Required work —
Give the entries again exactly as they appear, but without the images.
▬▬▬
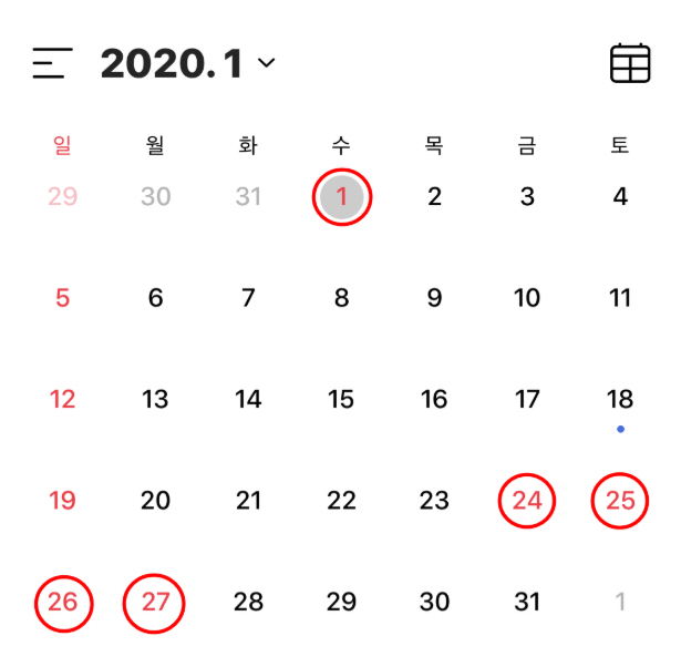2020년 달력을 보니 공휴일이 다른 해보다 적은 것 같습니다. 1월 25일 토요일이 설날이고 24일 금요일부터 27일 월요일까지 설 연휴네요.
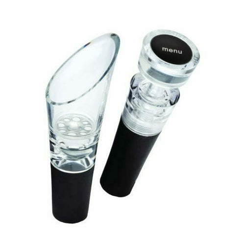 Selection Decanter Pourer & Stopper Set, includes: (1) 3-3/4" long, narrow neck (venturi pipe), stainless screen, plastic, pourer, (1) 3-1/8" long stopper, clear (retail box)
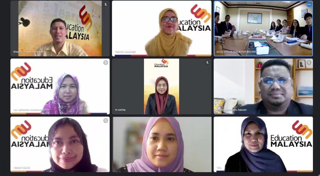 6月17日,受马来西亚驻华大使馆教育处邀请,pg游戏电子模拟器与马来西亚高等教育部、马来西亚驻华大使馆教育处就两国教育文化合作事宜、马来西亚政府继续选派赴北外高级访问学者事宜进行会谈。会议采用线上线下相结合的方式,马来西亚高等教育部代表通过视频方式参会。马来西亚驻华大使馆教育处参赞侯春兴、一等秘书蔡明升,北外pg游戏电子模拟器院长苏莹莹,北外国际交流与合作处副处长马仲武,北外马来语教研室主任邵颖、讲师傅聪聪、硕士研究生李可出席会谈。
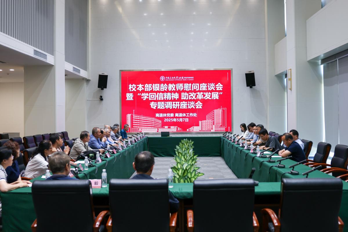 在“学回信精神·助改革发展”校本部银龄教师慰问座谈会上,离退休工作处负责人为校本部银龄教师送上慰问金,人事处负责人为2名银龄教师颁发从教四十周年纪念奖牌。银龄教师们一致认为,习近平总书记重要回信精神强调了扎根基层、服务国家的重要性,建议校区在人才培养方面注重实践教学,为能源行业输送更多实用型人才;在科研方面加大投入,鼓励教师开展前沿研究,加强与企业的合作,推动科研成果转化。校区相关负责人指出,要将习近平总书记重要回信精神融入校区发展的各个环节,全方位推动校区高质量发展。离退休工作处负责人表示,将持续做好服务工作,打造银龄教师温暖的港湾。
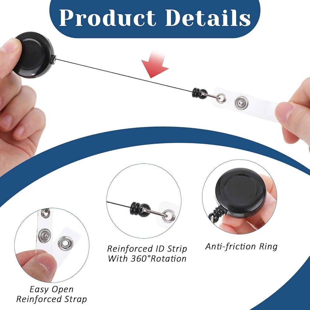 Reliable Materials: Made of ABS plastic, metal belt clips, and reinforced nylon ropes, these retractable ID holders are compact and durable, and can be extended up to 27.5 inches for easy access.
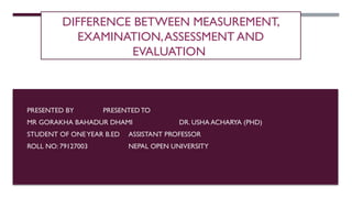 The document outlines the distinctions between measurement, examination, assessment, and evaluation in education. Measurement involves assigning numerical values to performance, examination is a formal testing method, assessment encompasses various means of documenting learning, and evaluation makes judgments based on criteria. Understanding these differences is crucial for enhancing educational practices and student outcomes.
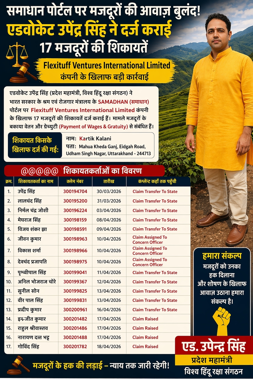 рдЙрдзрдо рд╕рд┐рдВрд╣ рдирдЧрд░ рд╕реЗ рдПрдХ рдмрдбрд╝рд╛ рдорд╛рдорд▓рд╛ рд╕рд╛рдордиреЗ рдЖрдпрд╛ рд╣реИ, рдЬрд╣рд╛рдВ рдПрдбрд╡реЛрдХреЗрдЯ рдЙрдкреЗрдВрджреНрд░ рд╕рд┐рдВрд╣ (рдкреНрд░рджреЗрд╢ рдорд╣рд╛рдордВрддреНрд░реА, рд╡рд┐рд╢реНрд╡ рд╣рд┐рдВрджреВ рд░рдХреНрд╖рд╛ рд╕рдВрдЧрдарди) рдиреЗ рдордЬрджреВрд░реЛрдВ рдХреЗ рд╣рдХ рдХреА рд▓рдбрд╝рд╛рдИ рдХреЛ рддреЗрдЬ рдХрд░рддреЗ рд╣реБрдП рднрд╛рд░рдд рд╕рд░рдХрд╛рд░ рдХреЗ рд╢реНрд░рдо рдПрд╡рдВ рд░реЛрдЬрдЧрд╛рд░ рдордВрддреНрд░рд╛рд▓рдп рдХреЗ SAMADHAN (рд╕рдорд╛рдзрд╛рди) рдкреЛрд░реНрдЯрд▓ рдкрд░ рдПрдХ рд╕рд╛рде рдХрдИ рд╢рд┐рдХрд╛рдпрддреЗрдВ рджрд░реНрдЬ рдХрд░рд╛рдИ рд╣реИрдВред
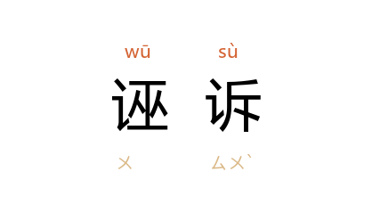 引汉 荀悦 《汉纪·宣帝纪四》:“公卿议以 延寿 前既无状,又诬诉典法大臣,欲以解罪,狡猾不道。”《宋史·儒林传七·程迥》:“贵溪 民伪作 吴渐 名,诬愬县令 石邦彦。迥 言匿名书不当受,转运使不谓然,遂兴大狱,瘐死者十有四人。”清 梅曾亮 《户部郎中汤君墓志铭》:“姚石甫 以 臺湾道 创 英 夷,受诬诉,事白出狱。”
▬▬▬
Expected answer —
2020년 달력을 보니 공휴일이 다른 해보다 적은 것 같습니다. 1월 25일 토요일이 설날이고 24일 금요일부터 27일 월요일까지 설 연휴네요.
 Selection Decanter Pourer & Stopper Set, includes: (1) 3-3/4" long, narrow neck (venturi pipe), stainless screen, plastic, pourer, (1) 3-1/8" long stopper, clear (retail box)
 6月17日,受马来西亚驻华大使馆教育处邀请,pg游戏电子模拟器与马来西亚高等教育部、马来西亚驻华大使馆教育处就两国教育文化合作事宜、马来西亚政府继续选派赴北外高级访问学者事宜进行会谈。会议采用线上线下相结合的方式,马来西亚高等教育部代表通过视频方式参会。马来西亚驻华大使馆教育处参赞侯春兴、一等秘书蔡明升,北外pg游戏电子模拟器院长苏莹莹,北外国际交流与合作处副处长马仲武,北外马来语教研室主任邵颖、讲师傅聪聪、硕士研究生李可出席会谈。
 在“学回信精神·助改革发展”校本部银龄教师慰问座谈会上,离退休工作处负责人为校本部银龄教师送上慰问金,人事处负责人为2名银龄教师颁发从教四十周年纪念奖牌。银龄教师们一致认为,习近平总书记重要回信精神强调了扎根基层、服务国家的重要性,建议校区在人才培养方面注重实践教学,为能源行业输送更多实用型人才;在科研方面加大投入,鼓励教师开展前沿研究,加强与企业的合作,推动科研成果转化。校区相关负责人指出,要将习近平总书记重要回信精神融入校区发展的各个环节,全方位推动校区高质量发展。离退休工作处负责人表示,将持续做好服务工作,打造银龄教师温暖的港湾。
 Reliable Materials: Made of ABS plastic, metal belt clips, and reinforced nylon ropes, these retractable ID holders are compact and durable, and can be extended up to 27.5 inches for easy access.
 The document outlines the distinctions between measurement, examination, assessment, and evaluation in education. Measurement involves assigning numerical values to performance, examination is a formal testing method, assessment encompasses various means of documenting learning, and evaluation makes judgments based on criteria. Understanding these differences is crucial for enhancing educational practices and student outcomes.
 рдЙрдзрдо рд╕рд┐рдВрд╣ рдирдЧрд░ рд╕реЗ рдПрдХ рдмрдбрд╝рд╛ рдорд╛рдорд▓рд╛ рд╕рд╛рдордиреЗ рдЖрдпрд╛ рд╣реИ, рдЬрд╣рд╛рдВ рдПрдбрд╡реЛрдХреЗрдЯ рдЙрдкреЗрдВрджреНрд░ рд╕рд┐рдВрд╣ (рдкреНрд░рджреЗрд╢ рдорд╣рд╛рдордВрддреНрд░реА, рд╡рд┐рд╢реНрд╡ рд╣рд┐рдВрджреВ рд░рдХреНрд╖рд╛ рд╕рдВрдЧрдарди) рдиреЗ рдордЬрджреВрд░реЛрдВ рдХреЗ рд╣рдХ рдХреА рд▓рдбрд╝рд╛рдИ рдХреЛ рддреЗрдЬ рдХрд░рддреЗ рд╣реБрдП рднрд╛рд░рдд рд╕рд░рдХрд╛рд░ рдХреЗ рд╢реНрд░рдо рдПрд╡рдВ рд░реЛрдЬрдЧрд╛рд░ рдордВрддреНрд░рд╛рд▓рдп рдХреЗ SAMADHAN (рд╕рдорд╛рдзрд╛рди) рдкреЛрд░реНрдЯрд▓ рдкрд░ рдПрдХ рд╕рд╛рде рдХрдИ рд╢рд┐рдХрд╛рдпрддреЗрдВ рджрд░реНрдЬ рдХрд░рд╛рдИ рд╣реИрдВред
 引汉 荀悦 《汉纪·宣帝纪四》:“公卿议以 延寿 前既无状,又诬诉典法大臣,欲以解罪,狡猾不道。”《宋史·儒林传七·程迥》:“贵溪 民伪作 吴渐 名,诬愬县令 石邦彦。迥 言匿名书不当受,转运使不谓然,遂兴大狱,瘐死者十有四人。”清 梅曾亮 《户部郎中汤君墓志铭》:“姚石甫 以 臺湾道 创 英 夷,受诬诉,事白出狱。”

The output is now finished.